Hidden in everything from breakfast cereals to your favorite sandwich bread, added sugar has become a nearly unavoidable part of our modern diet. Although reducing your intake might seem overwhelming, the health benefits make it worth the effort.

Research shows excessive sugar intake increases the risk of cardiovascular disease and other health issues, according to the American Heart Association. Women should limit added sugars to 25 grams (6 teaspoons) per day, while men should limit it to 36 grams (9 teaspoons). However, many Americans consume an average of 17 teaspoons per day.

“I don’t have a sweet tooth,” ABC News chief medical correspondent Dr. Jennifer Ashton wrote in her book “The Self-Care Solution,” “but when I really examined how much sugar I was eating, I was shocked.”

If health experts can be surprised by their sugar intake, then we could all use some practical strategies.

Here are a few recommendations to get you started, according to Everyday Health.

Read your labels

Success starts with understanding food labels and sugar’s numerous aliases. Watch for refined sugars (corn syrup, brown sugar), ingredients ending in “-ose” (fructose, dextrose), various syrups, honey and fruit juice concentrates. Recent labeling laws now require added sugars to be listed separately from natural sugars, making it easier to track your intake.

Smart swaps that actually work

Instead of a drastic sugar detox, try making strategic substitutions. Focus on cutting out sugar-sweetened beverages, which add a lot of sugar to your diet.
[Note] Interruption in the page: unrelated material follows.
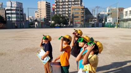 運動場にある遊具や自分の影の向きを確認し、太陽は影の向きと比べてどちら側に見えるか、遮光板を使って調べました。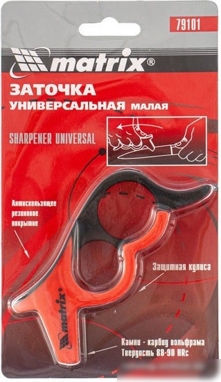 | Информация | Компактная и простая в эксплуатации, заточка универсальная малая быстро и качественно заточит ножи и другие режущие предметы (тесаки, резаки, косы и т. д.).Затачивание осуществляется путем легкого нажатия и перемещения точилки по лезвию ножа от рукоятки к острию.Для заточки ножа обычно требуется одно – два движения.Безопасность обеспечивается наличием антискользящего покрытия на внешней поверхности рукоятки и защитной кулисой.Удобна как для правшей, так и левшей. |

Replace sodas and sweetened teas with water infused with fruit, unsweetened sparkling water or plain tea to effectively reduce your daily sugar intake.

Other easy wins include swapping your sweetened breakfast cereal with oatmeal topped with fresh berries and cinnamon. And when baking, you can usually cut the sugar by one-third without anyone noticing the difference.

Keep perspective: Natural sugars in whole fruits, vegetables and plain dairy products contain essential nutrients and fiber. The goal isn’t to eliminate all sugars but to reduce added sugars while maintaining a balanced, enjoyable approach to eating that you can sustain long term.